EDIT: ok,the file i did while sleeping was 4.6MB and had 8857 links.but the category shows 3,817 . its still regenerating...and dont know if that has an effect. it looks like everything is imported as i see that all by alphabet is inserted... the last cat from the big file (letter W) shows. but strange it doesnt show 8857 links.
And...when i went to my computer i should see the starting page of the regenerator but saw a buch of java stuff with name dynamicdrive. so.i didnt expected any problems as you upgraded the file and i have max execution time set to 0.
Server should be the same time, and that's about what I'd expect from my tests. Cutting directly to mysql insertions instead of creating objects make a huge difference. In my tests the number shown matches the number in the report file once regeneration is fully complete. If it doesn't for you, send me your report file.
And...when i went to my computer i should see the starting page of the regenerator but saw a buch of java stuff with name dynamicdrive.

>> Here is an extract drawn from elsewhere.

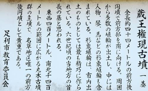 丸木8号墳(蔵王権現古墳) 前方後円墳 墳長44m 名草下町 丘陵 円筒埴輪・形象埴輪(人物・琴・馬) 足利市文化財総合調査年報
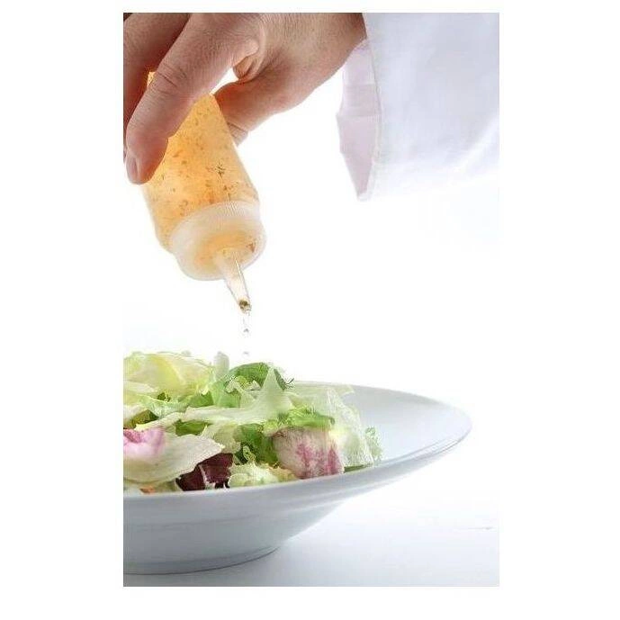 Průhledný dávkovač studené omáčky o objemu 0,35 litru - Sada 3 kusů. Vyrobeno z polyethylenu. Lze mýt v myčce nádobí. Zátka pro čistotu. Zátka udržuje omáčku déle čerstvou.

That sounds like a page dying before it could complete, maybe, which would mean regeneration didn't finish. If you could give me the actual HTML source of what you saw, and then tell me what you see when you press the back button, I'd have a better idea. Could be you had some sort of intensive process that ran at a set time which temporarily killed your local server.
hi paul, well copying the error is what i normaly do but completely forgot as i just came out of bed when i saw it.. but the final counting did showed but after a long time regenerating and when it did run the cats counting again by itself....thats what happend when i inserted another file.. all seems to be working,but the regenerating is a killer. it takes to much time and specialy when the totals increase.
amazing how you solved the importing cause it goes with such a speed. but a solution to the regenerating would be a good thing..
isnt it possible for it to continue counting from its last run ? after a big is added?
ok paul... i finished abnother category.. Before i started i had 34878 links and 9 categories. the file was 5.22 MB ,had 13219 link in it. I started the regeneration at 03:04 (my time) and it was finished 8 hours later. total now 48097 links in 10 categories. Thats a bit long huh..... Thats local...with dual core processor....so thats fast enough...
Mysql is the bottleneck for regeneration, so there's very little I can do about it. I'll check over the code to combine updates and remove anything unnecessary in 5.0, but I doubt the improvement will be very significant.
Is it categories that are slowest to regenerate, or links? I can probably speed up links more than categories.
Running mysql table optimization (near the top of advanced options) could also speed it up.
Well its hard to tell which one is slowing down.. now i have 10 categories (4827 counting subcategories0 but i do have a feeling the cats are slower now...,and as it goes 10 by 10 a time it takes up a long time..
I just noticed something weird... From a lot of imported links the site description isnt taken along with it... I checked the import file and the links include site description...
Any way to do a mass "get meta description" somehow ?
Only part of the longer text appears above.